Pledges & Targets

 

State of Affairs

South Korea’s largest challenge lies in how to rapidly decarbonise its electricity sector. In 2020, renewable energy made up less than 6% of the country’s energy mix, while fossil fuels accounted for 86%. Alarmingly, coal still supplied 40% of the country’s energy needs. Considering South Korea’s wealth and capacity for innovation, the country could aspire to be much more aggressive in decarbonising its economy and expanding its capacity for renewable energy.

South Korea’s president, Moon Jae-in, announced a substantive multibillion-dollar Green New Deal in 2020 that would include investments in green infrastructure, clean energy and electric vehicles. In addition to ending overseas public financing for coal production, the plan would introduce a national carbon tax, create new urban forests, expand and strengthen the country’s recycling infrastructure and establish a stronger foundation for new installations of renewable energy. While this legislation is promising, in its current form it would reduce South Korea’s emissions by only 12.3 million tonnes of CO2 over the next five years, which would be decidedly insufficient.

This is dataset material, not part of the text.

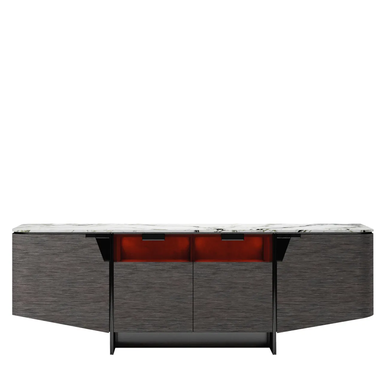 La credenza Bellatrix è caratterizzata da un raffinato piano in marmo e da una finitura effetto legno, con due ante laterali dotate di meccanismi push-pull. La sezione centrale, impreziosita da frontali in vetro, rivela due vani interni rivestiti velluto rosso e illuminati da barre LED integrate. L’intera struttura è sollevata da una base in acciaio e offre ripiani interni per una funzionale capacità di stoccaggio. Completamente personalizzabile, il pezzo è disponibile in una vasta gamma di finiture tra cui pelle, tessuti, legni, metalli, marmi e vetri. Per ulteriori informazioni, si prega di contattare il Concierge.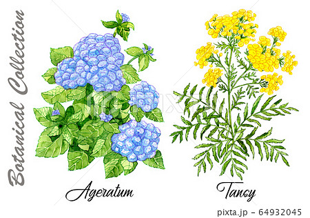 Design set of Ageratum and Tansy flowers isolated on white Watercolor hand drawn botanical illustration with floral elements. See my full collection of plants

To move forward, South Korea will need to combine a reevaluated and highly ambitious Green New Deal with an equally ambitious NDC compatible with the Paris Agreement’s goals. The government is expected to announce this new NDC before COP26, and the hope is that it will begin to chart a pathway for South Korea, among the few developed countries so heavily reliant on fossil fuels, to decarbonise its economy. 

 

Climate Vulnerability & Readiness

The ND-GAIN Country Index by the University of Notre Dame summarises a country’s vulnerability to climate change and other global challenges in combination with its readiness to improve resilience. The more vulnerable a country is, the lower their vulnerability score, while the more ready a country is to improve its resilience, the higher its readiness score will be, on a scale between 0 and 1. South Korea’s scores are:

South Korea, the world’s 3rd most densely populated country, with a population of 486 persons per km2, contains one land border to the north and is otherwise surrounded by seas. Per the World Bank, climate change impacts will primarily be felt through floods, storms, landslides and epidemics. Nevertheless, South Korea is regarded to have comparatively high readiness and resilience, given its economic wealth.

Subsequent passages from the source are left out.